══ Dataset extract
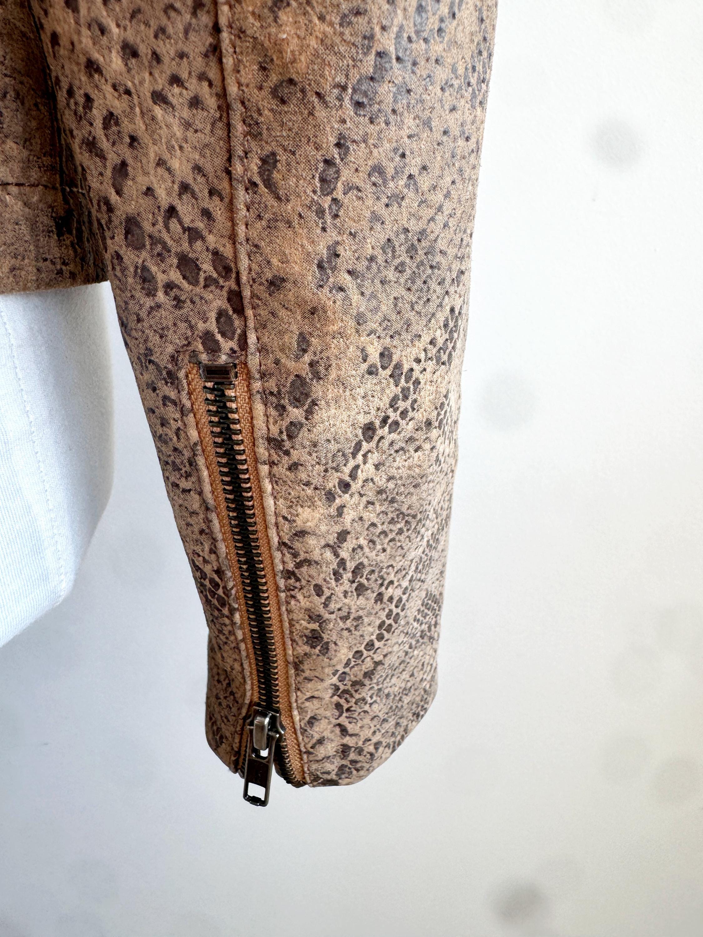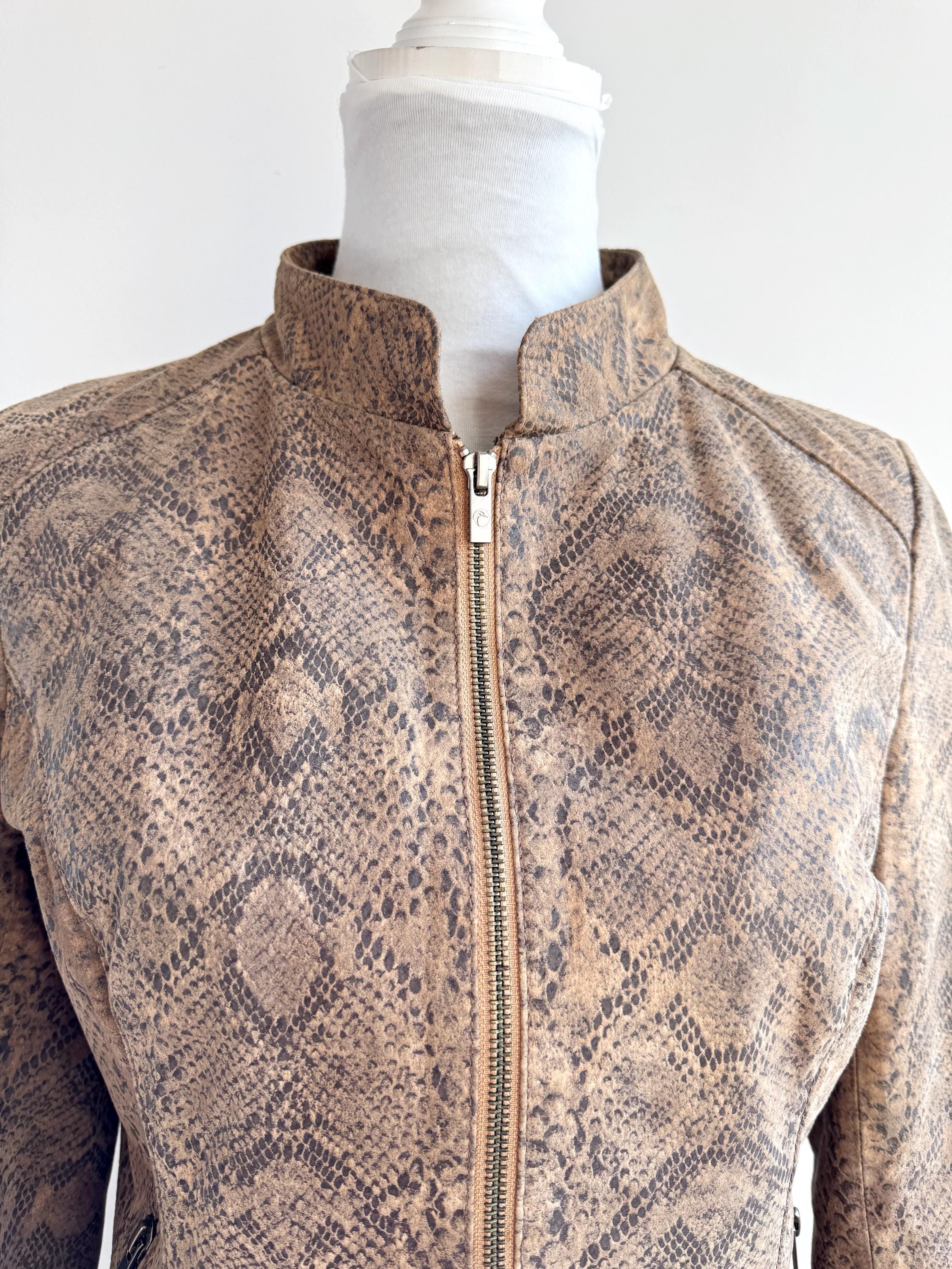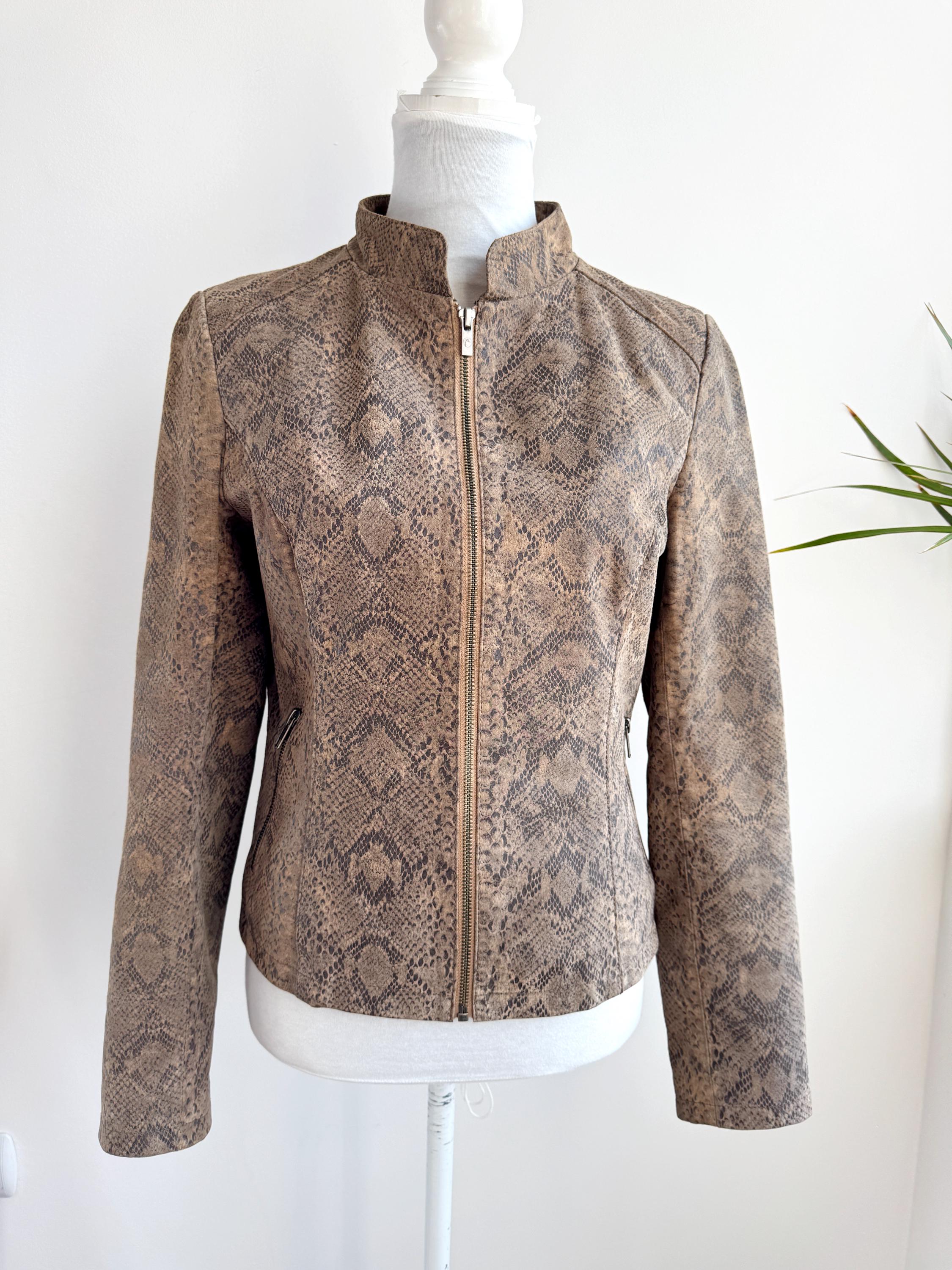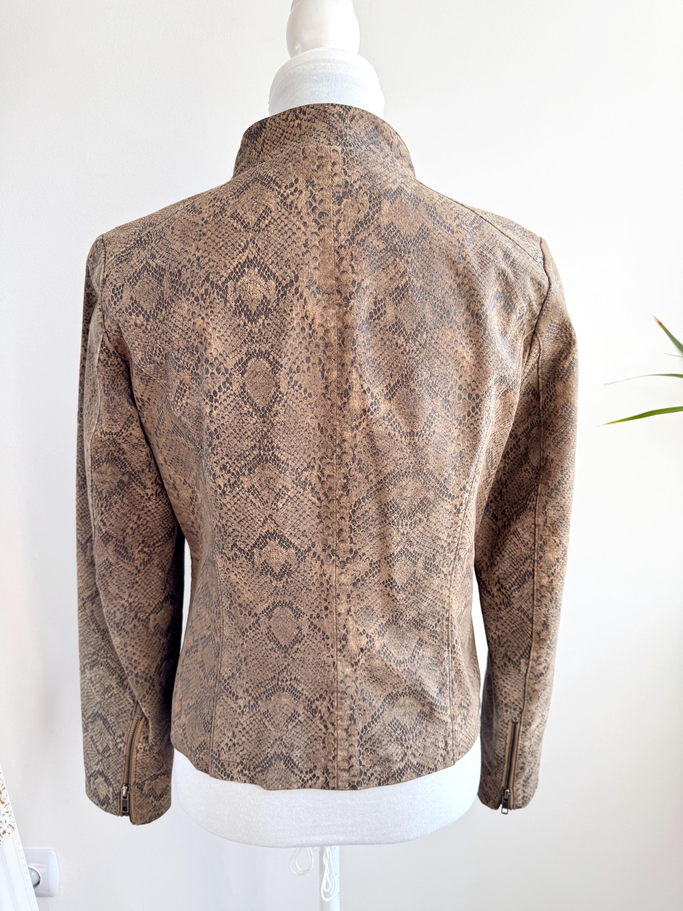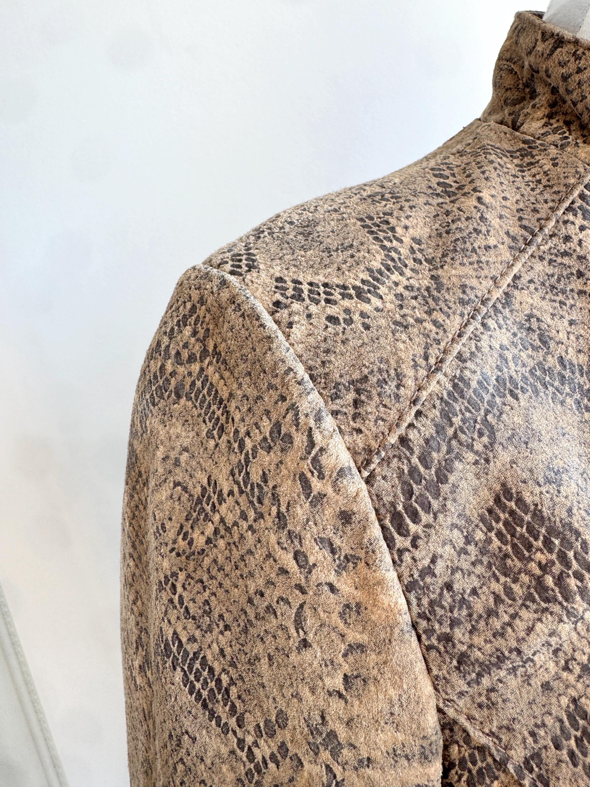 Unleash your wild side with this incredible Goosecraft snakeskin print leather jacket for women in size M. This leather jacket is cut in a classic moto/biker style with a high neck stand collar, front zipper, complemented by zippered cuffs and angled pockets. Made from 100% genuine leather with synthetic lining. Perfect for adding a grunge, punk, or exotic touch to any outfit, this leather jacket pairs effortlessly with everything from denim to dresses.
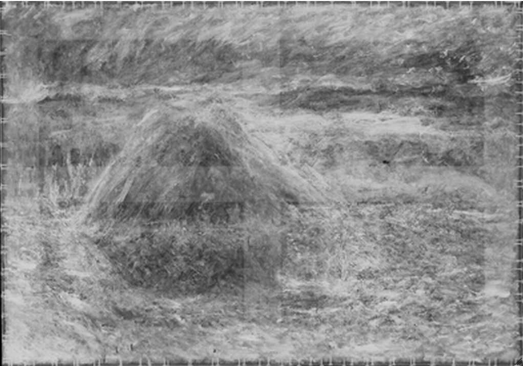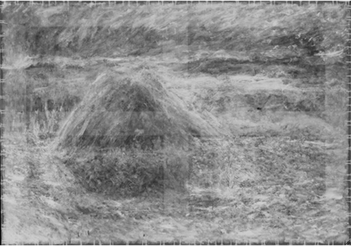 X-ray of Monet’s Stack of Wheat (Thaw, Sunset) (1890/91) showing the dense buildup of the paint layer. The Art Institute of Chicago, 1983.166. X-ray digitally composited by Robert G. Erdmann, University of Arizona.
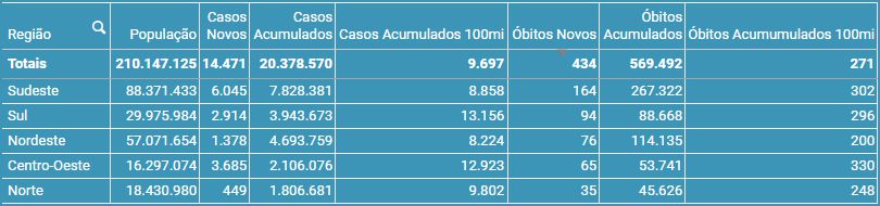 de casos e mortes por Região: (Por ordem de Novos Óbitos)
════
● **Problem details**
Skip the pictures. Please copy exactly the lines from the one with "X-ray of Monet’s" through the final line of the material above, both ends included.

● **Task answer**
 X-ray of Monet’s Stack of Wheat (Thaw, Sunset) (1890/91) showing the dense buildup of the paint layer. The Art Institute of Chicago, 1983.166. X-ray digitally composited by Robert G. Erdmann, University of Arizona.
 de casos e mortes por Região: (Por ordem de Novos Óbitos)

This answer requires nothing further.